Israelis protestors seeking revival of welfare state
JERUSALEM — The wave of protests sweeping Israel is about much more than the lack of affordable housing: It’s a grassroots demand for the major redistribution of the nation’s wealth.
In social terms, protesters are calling for a more caring government attuned to the needs of young, middle-class citizens who serve in the army, pay heavy taxes and provide the engine driving the country’s burgeoning economy.
In economic terms, it is a call for the reversal of nearly three decades of fiscal conservativism at the expense of social services such as education, health and welfare, as well as an appeal against eroding salaries and rising prices.
In other words, the protesters are demanding that today’s thriving free-market Israel use its wealth to create conditions for a restoration of at least some elements of the long-defunct Israeli welfare state.
As an estimated 150,000 people demonstrated Saturday night in 12 locations across the country, the central theme was a demand for “social justice.” To some, it was reminiscent of the students’ revolt in Paris in the late 1960s: an alliance of students, workers and, in the Israeli case, a large, financially strapped middle class of people mostly in their 20s and 30s demanding a new economic order.
But there were key differences: In the Israeli case, there was no violence.

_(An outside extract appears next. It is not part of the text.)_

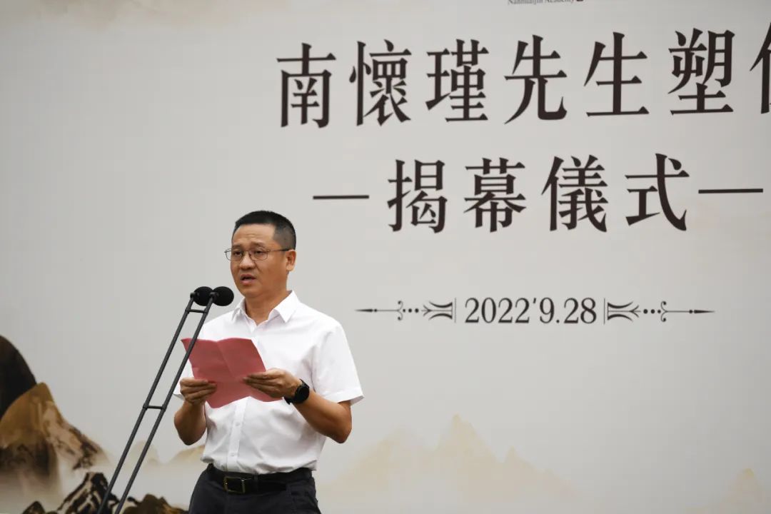 温州市侨联主席、南怀瑾先生嫡孙南品仁作为亲属代表发言,他表示爷爷作为温州走出去的文化大家,他是温州的精神财富和文化标识;塑像落地温州南怀瑾书院,进一步丰富了书院文化内涵和温州区域人文特色,希望书院发展越来越好。

Instead, there was a veiled, largely unspoken threat: that if the government fails to act and middle-class people continue to struggle to make ends meet, many more of the best and brightest would leave for countries where there is no defense burden and it’s easier to make a living.

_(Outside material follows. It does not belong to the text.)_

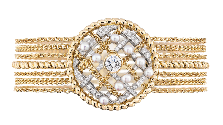 ومن مجوهرات شانيل نقترح عليك هذا الموديل الأنيق الذي يأتيك من الذهب الأبيض والأصفر والمزين بالألماس واللؤلؤ، في تصميم فاخر من وحي أقمشة التويد.

As the protests entered their third week, the great Israeli paradox loomed large: Never has the country been economically stronger, yet never have so many of its young people felt so frustrated at their own personal financial status.
The current situation is partly a result of a constitutional lacuna.
In the mid-1990s, a number of basic laws were passed — together they are eventually meant to form the basis of a constitution for Israel. One of the laws, on the dignity and freedom of man, enshrined property rights, but a balancing companion act on social rights continues to be held up. It would deal with issues like the right to housing, education, health and welfare, and set parameters of state responsibility for their provision.
The bill again is on the agenda, promoted by Meretz Knesset member Zahava Gal-On.
But the country’s current socioeconomic predicament goes much deeper than any law. It is the result of more than two decades of a virtually consistent small government economic policy.
The turning point came in 1985, with inflation running at over 450 percent per annum. It became clear that Israel could no longer afford to maintain the old-style, government-subsidized welfare state.
The economic stability plan introduced by then-Prime Minister Shimon Peres and then Finance Minister Yitzhak Modai entailed stringent cuts in government spending. With its dramatic success in saving the economy, the small government approach quickly became economic orthodoxy.
The economic buzzword in the 1990s was privatization, started by the Likud, taken on board by Labor and then accelerated by Benjamin Netanyahu. When he first became prime minister in 1996, Netanyahu spoke of a thin man, the private sector, tottering under the weight of a fat man, the public sector, and vowed to turn things around. Netanyahu had a strong ideological commitment to free market forces, privatizing government companies and outsourcing social services.
This meant the accelerated handover of services to the private sector that once were the sole preserve of government. It was accompanied by a weakening of trade unions and an overall erosion of working conditions and salaries.
The result? Owners and a select few mega-salaried executives became richer and the middle class relatively poorer. It also led to the rise of the Israeli tycoons, who controlled a great deal of the country’s wealth and power. Banks, energy companies, supermarket chains and media properties all were concentrated in the hands of a dozen or so billionaire families.
Netanyahu’s economic philosophy also entailed a reduction of corporate taxes. Big companies paid 5 percent to 20 percent income tax, while the middle class saw the prices of everything from food to cars to apartments rise considerably. The system produced impressive economic growth but left wealth in the hands of the few. The trickle-down effect, middle-class Israelis said, had failed to materialize.
The upshot was that by May 2010, Israel’s economy was robust enough for Israel to be admitted to the Organization for Economic Cooperation and Development — the exclusive club of the world’s strongest economies known as the OECD. But Israel also was the OECD member with the biggest gaps between rich and poor.
Some blame preferential spending on settlements in the West Bank for the lack of funds for social services in Israel. Others focus on welfare for the growing haredi Orthodox population in Israel. Still others point to the limited taxation of the tycoons — tax concessions nationwide are estimated at approximately $11 billion per year, about 11 percent of the national budget.